— Представляю, как же она удивится, когда увидит тебя!
И действительно все вышло так, как сказал Никита. Машка появилась на кухне спустя четверть часа в белой с желтыми цыплятами пижаме и с распущенными волосами. Самое удивительное, что вид у нее на самом деле был заспанный. Она, замерев на пороге кухни, зевнула, но, увидев сидящего за столом с блином в руке Дронова, так и осталась стоять с открытым ртом. И только несколько капель (следы ее умывания) сверкали в ее распущенных волосах… Очнувшись, Маша кинулась в свою комнату и вернулась уже в халате.

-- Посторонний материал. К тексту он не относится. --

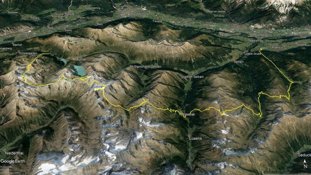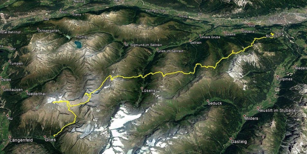 Winnebach (Ortsteil Gries im Sulztal) – Breiter Grieskogel, 3287m – Winnebachjoch – Winnebacher Weißerkogel, 3185m – Rosskarscharte – Gleirschtal – Zischgeles, 3005m – Praxmar – Roter Kogel, 2834m – Fotschertal – Schaflegerkogel, 2405m – Kemater Alm – Hoadl, 2340m – Lizum – Birgitzköpfl, 2035m – Gasthof Lärchenwald bei Mutters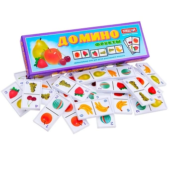 Домино - это веселая настольная игра для дружной компании. Игра состоит из пластмассовых карточек. На лицевую сторону нанесено изображение фруктов, ягод и грибов и цифры. Играя в домино, ребенок сможет получить представление о внешнем виде различных фруктов, познакомится с цифрами, будет тренировать логику и мышление. Изображения красочно и качественно напечатаны. Каждый игрок должен добавить в цепочку из фишек одну их своих фишек так, чтобы изображение на ней подошло к изображению на конце цепи. Если в руках у игрока нет подходящей фишки, он берет дополнительные до тех пор, пока не попадется нужная. Выигрывает тот, кто первым выложит все свои фишки.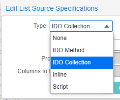 On the Edit List Source Specifications modal, set the Type field to IDO Collection from the drop down list.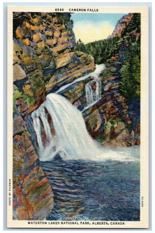 Alberta Canada Postcard Cameron Falls Wateron Lakes National Park c1930's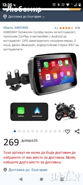 Carplay екран за мотоциклет, преносим CarPlay и автомобил с Android за мотоциклет, GPS навигационен сензорен екран, 5 инча, двоен Bluetooth, водоустойчив стерео IP67 за мотоциклети.Подобрете изживяването си при каране с нашия сензорен екран за мотоциклети, който предлага CarPlay и Android Auto. Свържете вашия смартфон безжично чрез Bluetooth за достъп до навигация, провеждане на разговори, възпроизвеждане на музика, изпращане на текстови съобщения и много повече, като същевременно държите ръцете си свободни за по-безопасно шофиране.Оборудван с двоен Bluetooth, сензорният екран на мотоциклет ANKEWAY ви позволява безпроблемно да свържете както вашия смартфон, така и вашия шлем или Bluetooth слушалки. Наслаждавайте се на разговори със свободни ръце и любимите си песни, без да е необходимо да сваляте каската си, като пазите телефона си в безопасност.Насладете се на ясно и бързо реагиращо управление чрез докосване с нашия 5-инчов IPS сензорен екран с висока разделителна способност. Екранът предлага разделителна способност от 1024x600 за превъзходна визуална яснота, подобрявайки взаимодействието ви с устройството в движение.Този универсален сензорен екран CarPlay е съвместим с всички модели мотоциклети и включва монтажен комплект и инструменти за лесно монтиране. Здравата монтажна система и винтовете осигуряват сигурен монтаж. Забележка: Ограничена съвместимост със серията Samsung Note и S. Моля, потвърдете, че телефонът ви поддържа CarPlay или Android Auto безжично преди покупка.Създаден да издържа на всякакви метеорологични условия, рейтингът IP67 гарантира, че сензорният екран на нашия мотоциклет работи перфектно както при дъжд, така и при слънце. Подвижният дизайн на стойката против кражба добавя допълнителен слой сигурност, осигурявайки ви спокойствие при различни условия. Уредът работи безпроблемно в температурен диапазон от -20°C до 70°C.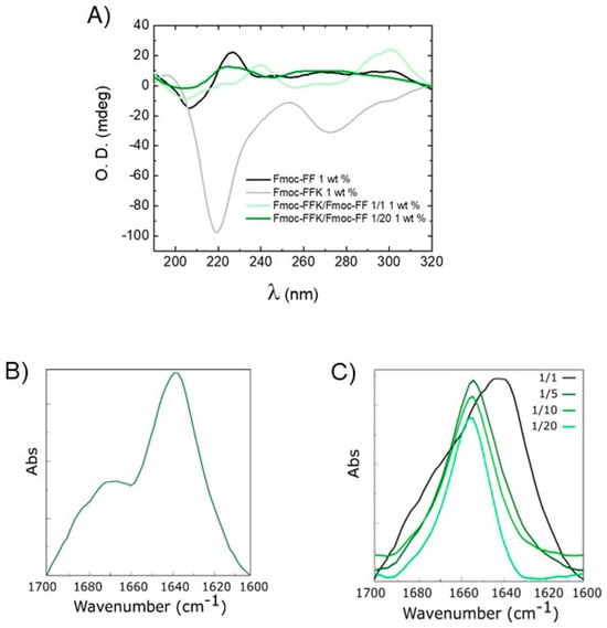 Secondary structure characterization of mixed hydrogels via CD and FTIR. (A) CD spectra in optical density of hydrogels at 1.0 wt%: Fmoc-FF (black line), Fmoc-FFK (grey line), Fmoc-FFK/Fmoc-FF (1/1) (light green line), and Fmoc-FFK/Fmoc-FF (1/20) (dark green line). FTIR spectra of pure Fmoc-FFK HGs (B) and mixed Fmoc-FFK/Fmoc-FF (C) at 1.0 wt% at all the weight/weight ratios.
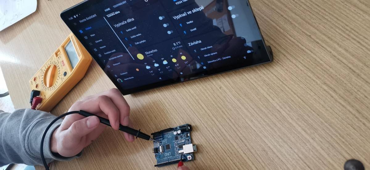 V pátek jsme procvičovali základní praktické dovednosti studenta IT, a to pájení spojů elektrických obvodů. Dále jsme se celý den zabývali chytrou domácností (IoT). Zkusili jsme si propojit mikropočítač ESP32 s různými druhy zařízení a to např. s teploměrem, chytrou zásuvkou, kamerou apod. To všechno jsme nakonec propojili díky Raspberry Pi, na kterém jsme nainstalovali Home Assistant.

— Никита, ты что, предупредить не мог, что не один? — накинулась она на брата.
Дронов, наблюдая эту картину, вдруг поймал себя на мысли, что видит перед собой не настоящую Машу — веселую и добрую, готовую всегда прийти на помощь и пожертвовать ради друзей и близких чуть ли не своей жизнью, а оборотня. Это была не Маша, а какая-то фурия, злая и непредсказуемая. Прав был Горностаев, подумал он в который уже раз, с ней творится что-то неладное.
— Маша, да ты не кипятись. — Саша встал и, чувствуя себя явно не в своей тарелке, направился к выходу. — Я не знал, что ты не хочешь меня видеть… — Он остановился.

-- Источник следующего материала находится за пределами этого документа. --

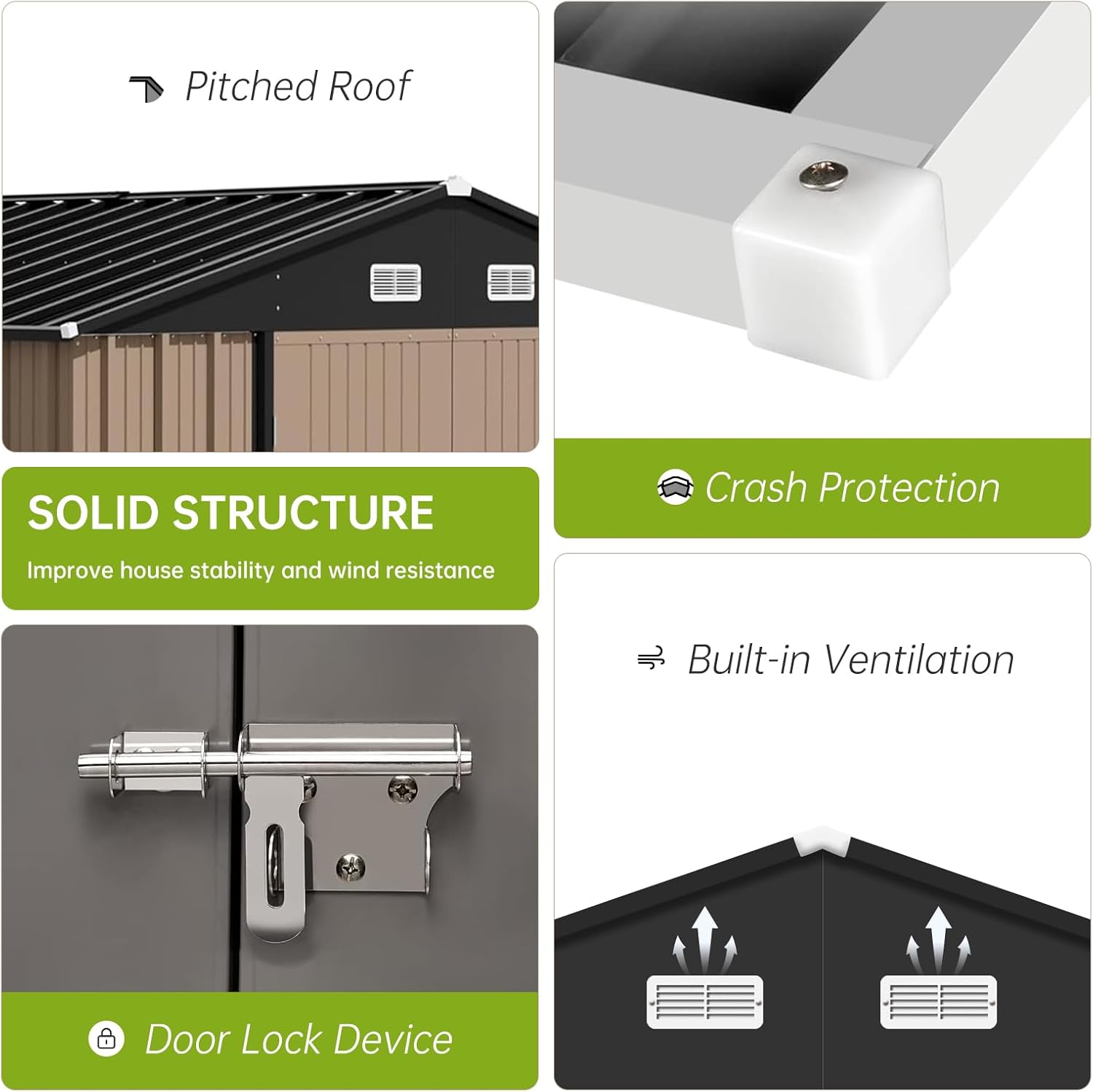 - 【Secure Lockable Door Design】The tool shed outdoor storage features 2 large doors, each measuring 47.24 in x 63 in, allowing you to easily roll in equipment such as lawn mowers. The lockable door design (lock not included) enables you to protect your belongings securely.

Маша молча смотрела на него блестящими глазами. Она тоже волновалась, вот только причину пока никто не знал…
— Да и вообще, по-моему, ты никого из нас не хочешь видеть. Спокойной ночи. Проводи меня, Никита…

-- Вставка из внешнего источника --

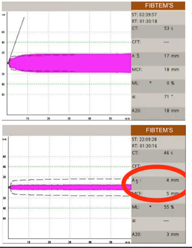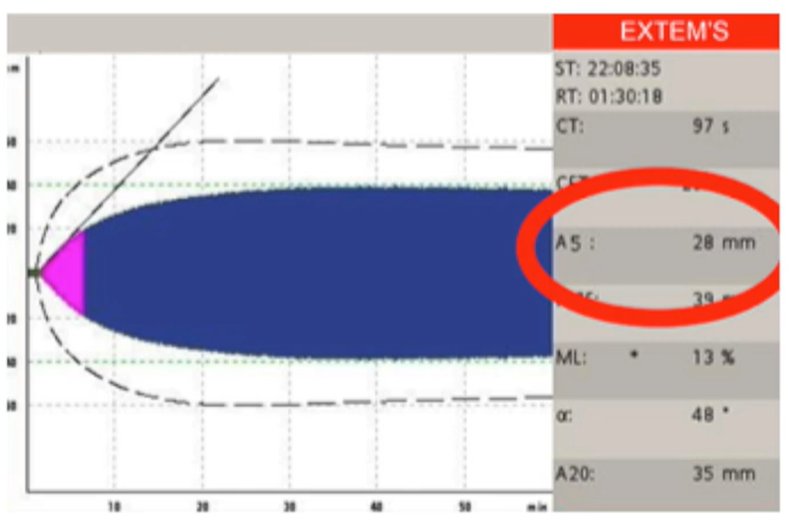 > 15% breakdown = hyperfibrinolysis = need for Txa

И друзья в молчании удалились в прихожую. Дронов до последнего, пока обувался и надевал куртку, надеялся, что Маша бросится просить у него прощения, но нет, ничего такого не произошло. Она затаилась на кухне и, похоже, не мучилась угрызениями совести. Дронов ушел от Пузыревых с тяжелым сердцем.
Вернувшись домой, он позвонил Свете, хотел спросить ее, что все это значит и почему она отключала телефон, как вдруг она сама, не давая ему произнести ни слова, сказала:
— Я нарочно отключила телефон. Завтра приду на репетицию и все тебе расскажу.
— Ты что, не можешь разговаривать?
— Это не телефонный разговор.
— Это как-то связано с Машкой?
— Спокойной ночи, Саша.
И все, ни тебе объяснений, ни тепла в голосе. Но он почему-то все равно не злился на Свету.
Дронов бросил трубку и понял, что любовь — страшная сила.
Маша в ту ночь долго не могла уснуть. — Ей казалось, что в комнате она не одна, что рядом в кресле сидит ее любимый Юрий Могилевский и, прижимая букет роз, обращаясь к ней, к Маше, зовет ее не иначе как «птичка моя». Да, ей хотелось сыграть роль главной героини из вчерашнего спектакля, чтобы хотя бы изредка находиться рядом с ним. Чувство, которое она считала настоящей любовью, охватило ее, когда родители взяли ее в театр драмы и комедии именно на эту пьесу. Это случилось почти месяц назад, но с тех пор Маша постоянно думала о Могилевском. Что бы она ни делала, где бы ни находилась, мысли ее были там, на сцене, рядом с ним. Она и без того мечтала быть актрисой, а уж теперь, когда влюбилась в актера, сам Бог, что называется, благословлял ее на сцену.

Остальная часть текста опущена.